Natural IgM antibodies (Abs) function as innate immune sensors of injury via recognition of neoepitopes expressed on damaged cells, although how this recognition systems function following spinal cord injury (SCI) exposes various neoepitopes and their precise nature remains largely unknown. Here, we investigated the role of two natural IgM monoclonal Abs (mAbs), B4 and C2, that recognize post-ischemic neoepitopes following ischemia and reperfusion in other tissues.

Methods

Identification of post-SCI expressed neoepitopes was examined using previously characterized monoclonal Abs (B4 and C2 mAbs). The role of post-SCI neoepitopes and their recognition by natural IgM Abs in propagating secondary injury was examined in Ab-deficient Rag1−/− or wild type C57BL/6 mice using Ab reconstitution experiments and neoepitope-targeted therapeutic studies, respectively.

Results

Administration of B4 or C2 mAb following murine SCI increased lesion size and worsened functional outcome in otherwise protected Ab-deficient Rag1−/− mice. Injury correlated with colocalized deposition of IgM and C3d in injured spinal cords from both mAb reconstituted Rag1−/− mice and untreated wild-type mice.
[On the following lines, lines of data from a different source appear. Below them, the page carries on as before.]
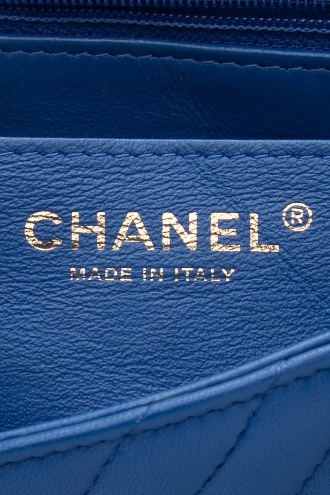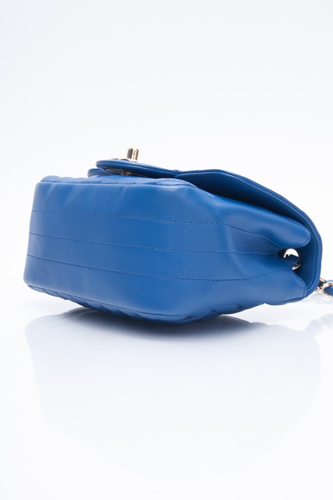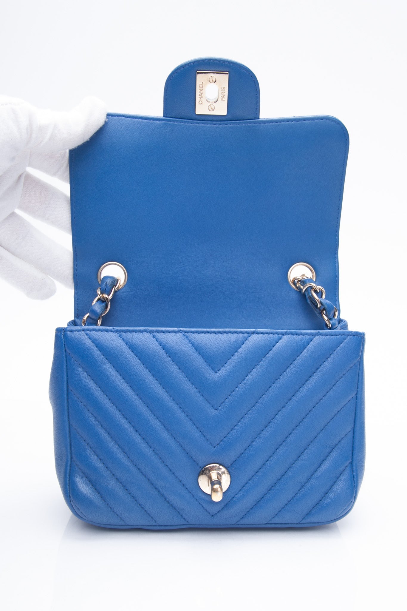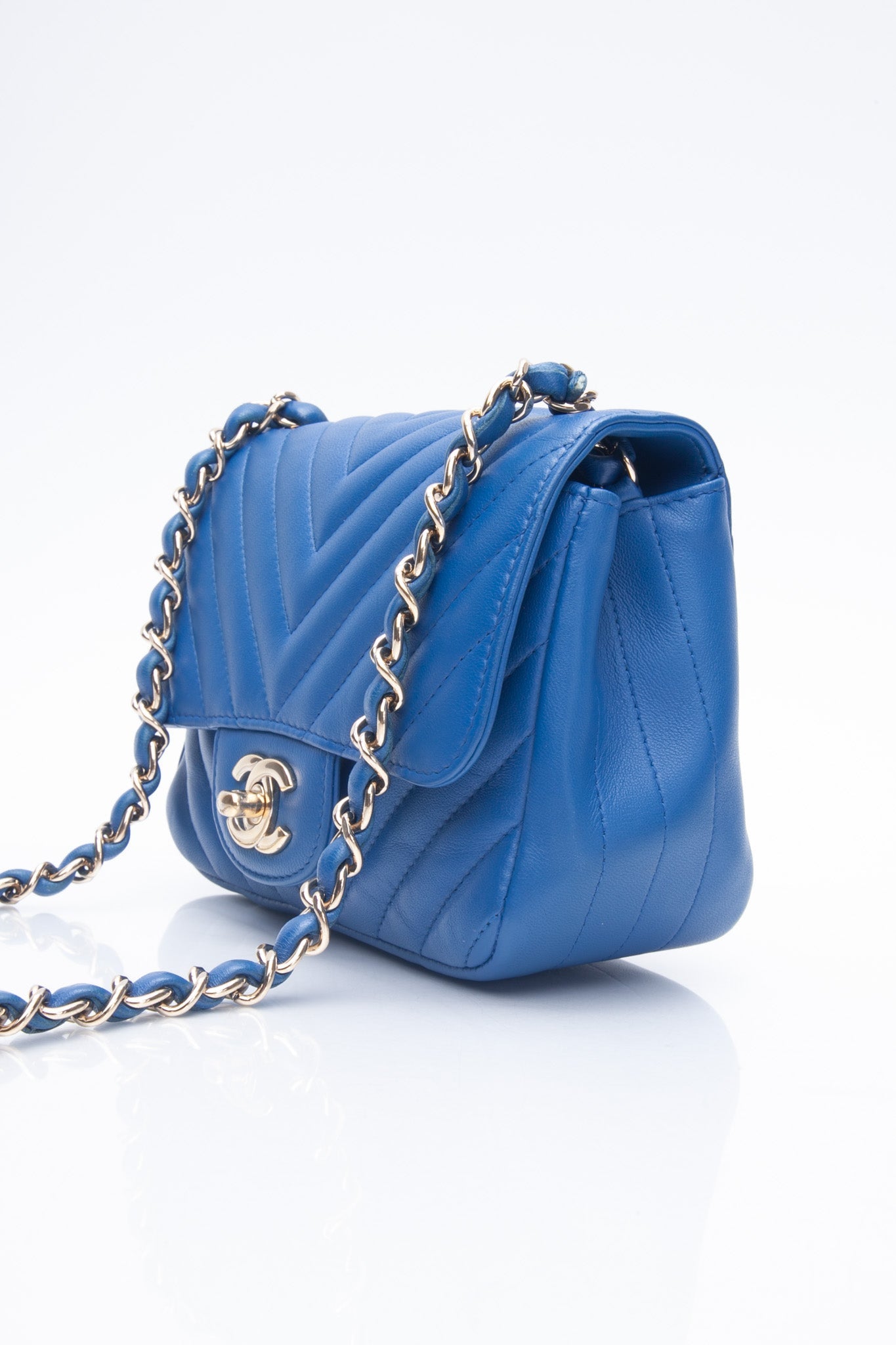 The chic cross-body is finely crafted of luxurious royal blue chevron-quilted lambskin leather. The bag features a leather-threaded gold chain-link shoulder strap and a matching gold classic CC turn-lock on the crossover flap. This opens the bag to a smooth blue leather interior with zipper and patch pocket.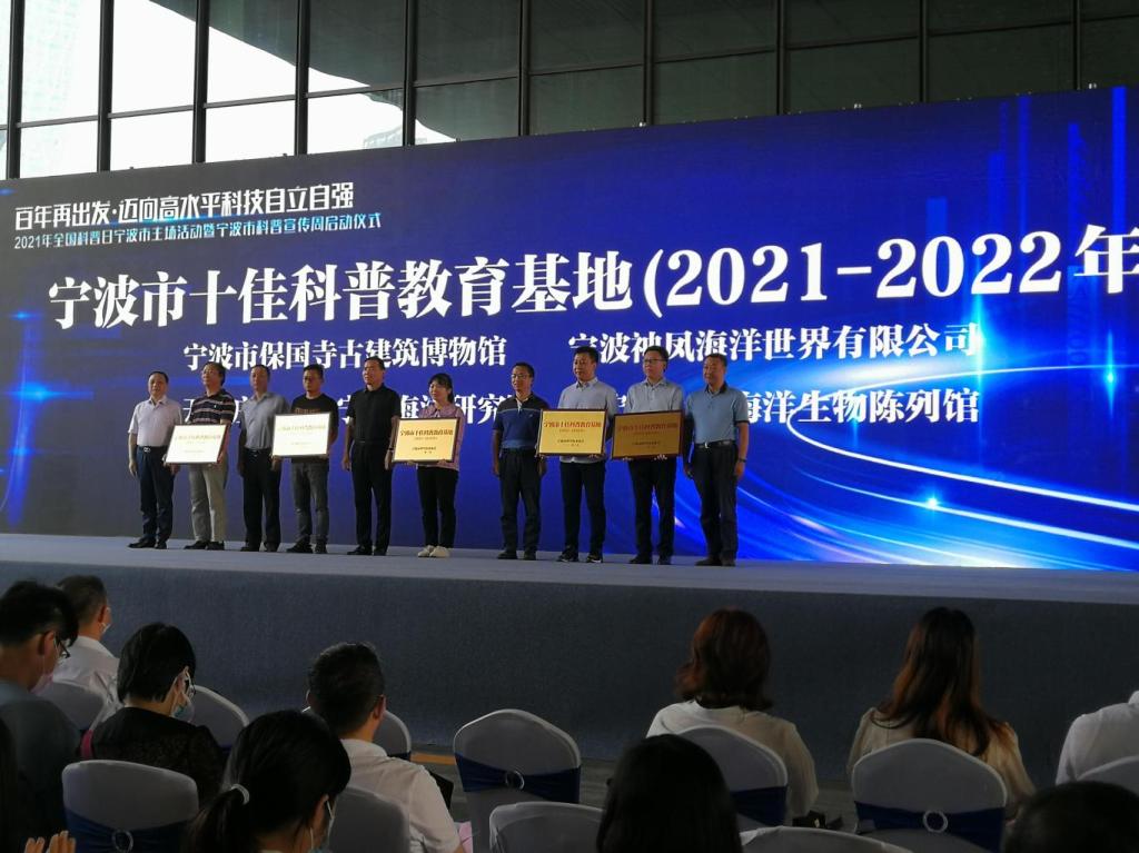 海洋生物陈列馆”作为宁波市十佳科普教育基地在启动仪式上授牌。省市科协、宁波市人大、鄞州区副区长等领导,各县区科协、科普教育基地负责人等100余人参加了仪式。活动期间,全市各级科协系统、科普教育基地、学(协)会将推出200余项科普活动,为广大市民送上科普大餐。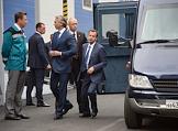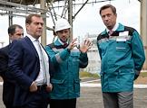 Министр энергетики России Александр Новак (слева), председатель правительства России Дмитрий Медведев (второй справа) и полномочный представитель президента России в Приволжском федеральном округе Михаил Бабич (справа) на предприятии ОАО "ПОЛИЭФ" компании "Сибур-ПЭТФ" в Благовещенске.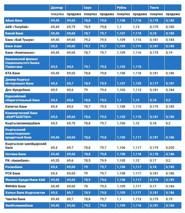 Валюталардын коммерциялык банктардагы бүгүнкү наркы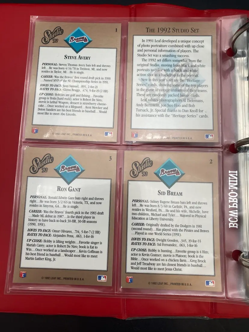You are purchasing the complete MLB 264 Trading Card Set of 1992 Studio by Leaf. This Set is organized in a Baseball Card Album. These Cards are in Excellent to Near Mint Condition.
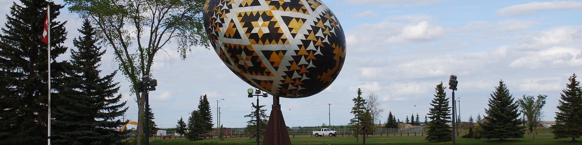 The Vegreville egg is a giant sculpture of a pysanka, a Ukrainian-style Easter egg. The work by Paul Maxum Sembaliuk is built of an intricate set of two-dimensional anodized aluminum tiles in the shape of congruent equilateral triangles and star-shaped hexagons, fashioned over an aluminum framework. The egg is 31 ft (9 m) long and three and a half stories high, weighing in at 2.5 t (5,512 lb). It is the second largest pysanka in the world. The biggest one was built in Kolomyia, Ukraine in 2000.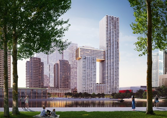 Wooncomplex in zilver en goud voor Rotterdamse Wilhelminapier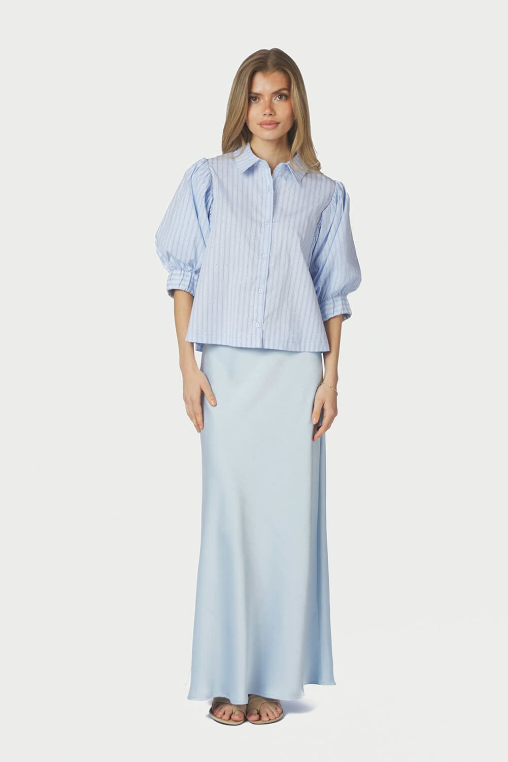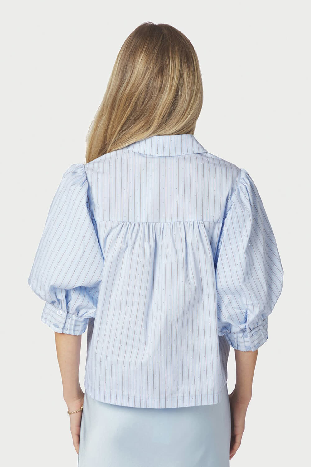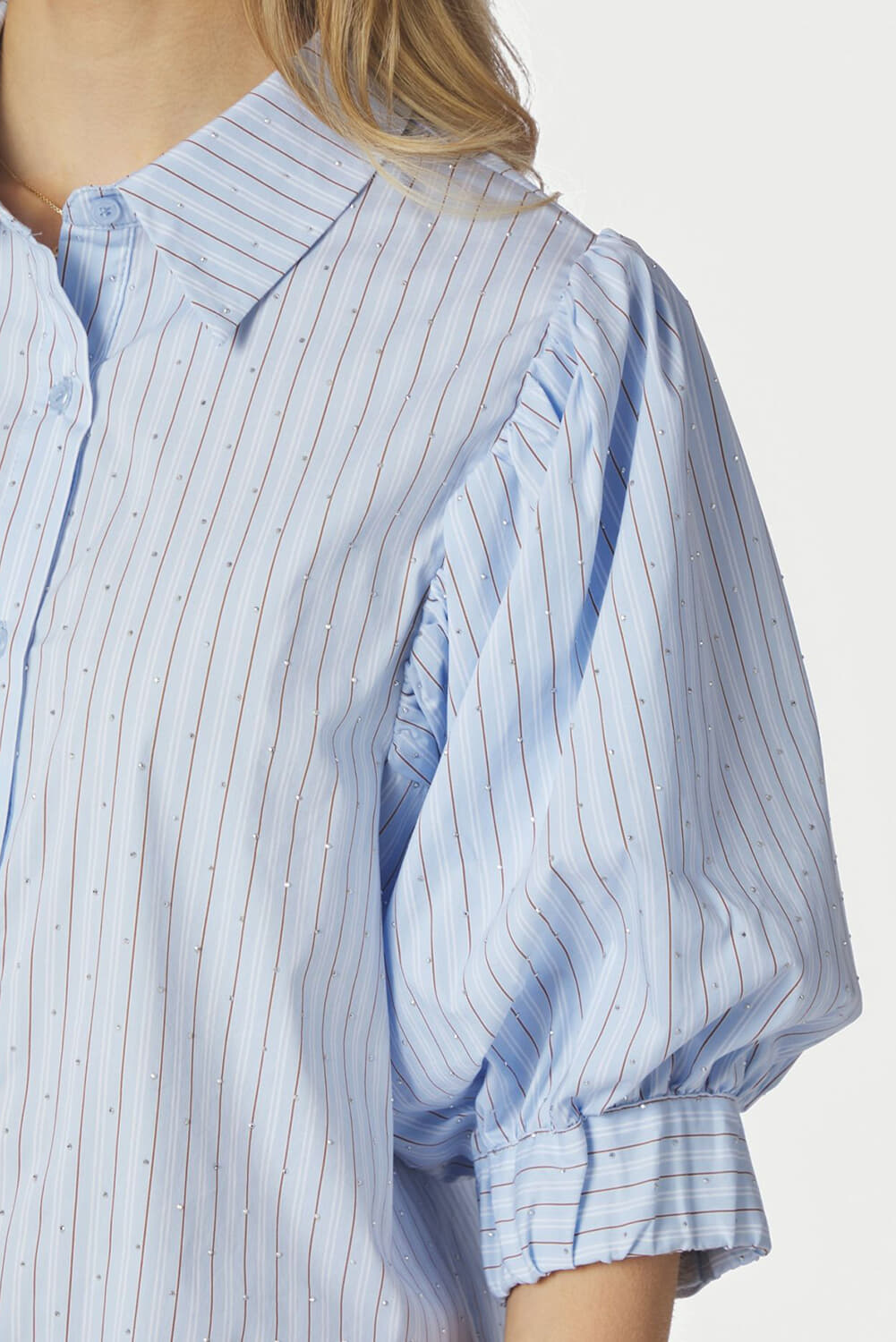 Blouse Etta Stripe van Neo Noir biedt een stijlvolle casual look. Deze dames blouse heeft een button-down kraag en een overhemdband met een uniek streeppatroon. De 3/4 mouwen geven een speelse touch, ideaal voor elke gelegenheid. Voeg dit veelzijdige kledingstuk toe aan je collectie.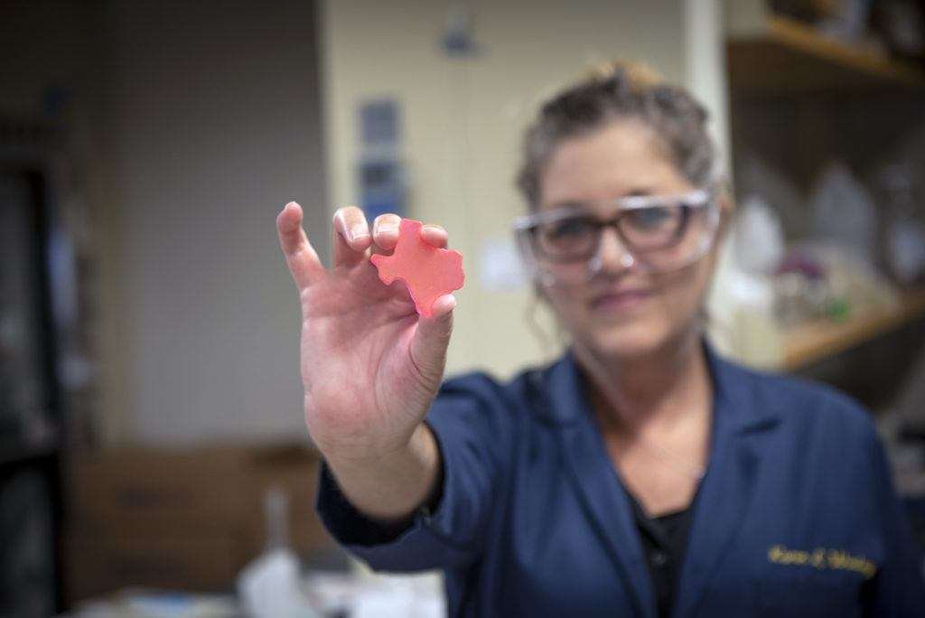 A woman in dark blue laboratory smocks and wearing glasses, facing the camera, holds in front of her a small piece of pink material, a curved fragment of something like plastic, as if showing it to the camera, with the extended hand and material appearing in focus while the rest of the woman and surrounding lab environment are slightly out of focus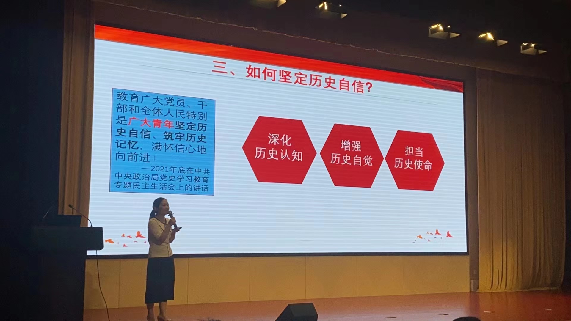 刘玲以《坚定历史自信走好新的赶考之路》为题,围绕“什么是历史自信”、“我们的历史自信从哪里来”以及“应该如何坚定历史自信”三个方面展开讲述,阐明历史自信的内涵、源泉以及进一步教育广大青年坚定历史自信的思考。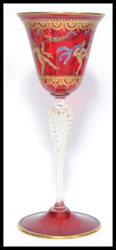A vintage 20th century Murano / Venetian studio glass wine glass raised on a twisted stem hand coloured painted panels. Measures 19 cm high.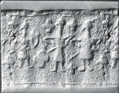 This cylinder seal is made of steatite. The modern impression of the seal is shown so that the entire design can be seen. The image features a procession of three stylized human figures with straight arms and legs, pointed heads, and possibly horns. They may be carrying weapons. Two crosses are in the background. The carving of the seal is shallow.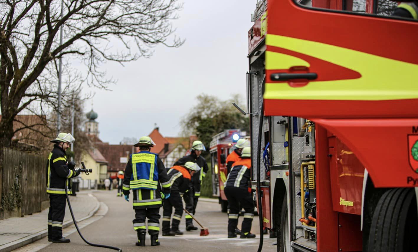 Die Feuerwehr Pyrbaum wurde am 23.3.2023 um 17:23 Uhr zu einem Verkehrsunfall mit zwei PKW in die Neumarkter Straße in Pyrbaum mittels Sirene alarmiert. Ein PKW fuhr auf einen parkendes Fahrzeug auf. Unsere Maßnahmen waren die Erstversorgung der verletzten Person, die Sicherstellung des Brandschutzes sowie das Binden der auslaufenden Betriebsstoffe. Die Kreisstraße musste für die gesamte Einsatzdauer voll gesperrt werden.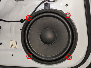 拆下将左侧前车门扬声器固定到车门总成的螺栓(4 个),然后将扬声器从车门总成上拆下。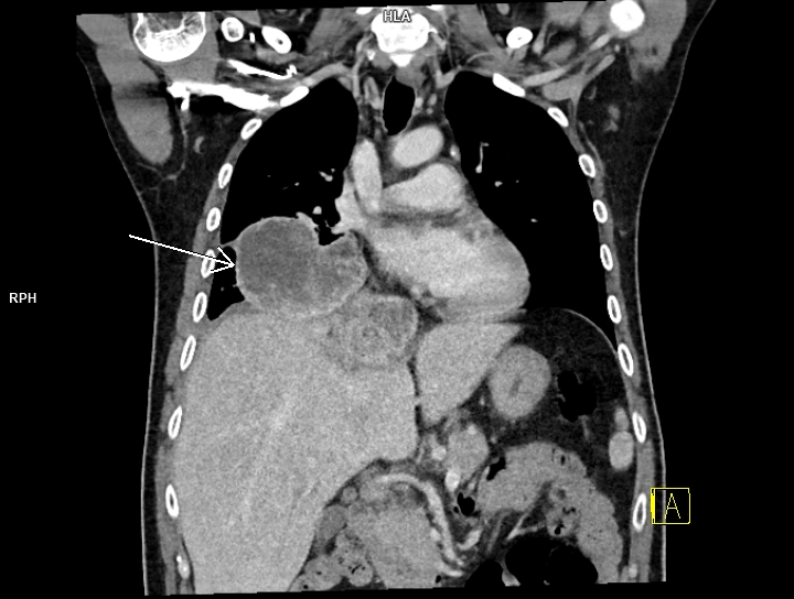 Figura 3: coronal CT în timp venos torace și abdomen

Depletion of peritoneal B1 B cells, a source of natural Abs, reduced circulating levels of IgM with B4 (annexin-IV) and C2 (subset of phospholipids) reactivity, reduced IgM and complement deposition in the spinal cord, and protected against SCI. We therefore investigated whether the B4 neoepitope represents a therapeutic target for complement inhibition. B4-Crry, a fusion protein consisting of a single-chain Ab derived from B4 mAb, linked to the complement inhibitor Crry, significantly protected against SCI. B4-Crry exhibited a dual function in that it inhibited both the binding of pathogenic IgM and blocked complement activation in the spinal cord.

Conclusions

This study identifies important neoepitopes expressed within the spinal cord after injury. These neoepitopes are recognized by clonally specific natural IgM Abs that activate complement and drive pathology. We demonstrate that these neoepitopes represent novel targets for the therapeutic delivery of a complement inhibitor, and possibly other payload, to the injured spinal cord.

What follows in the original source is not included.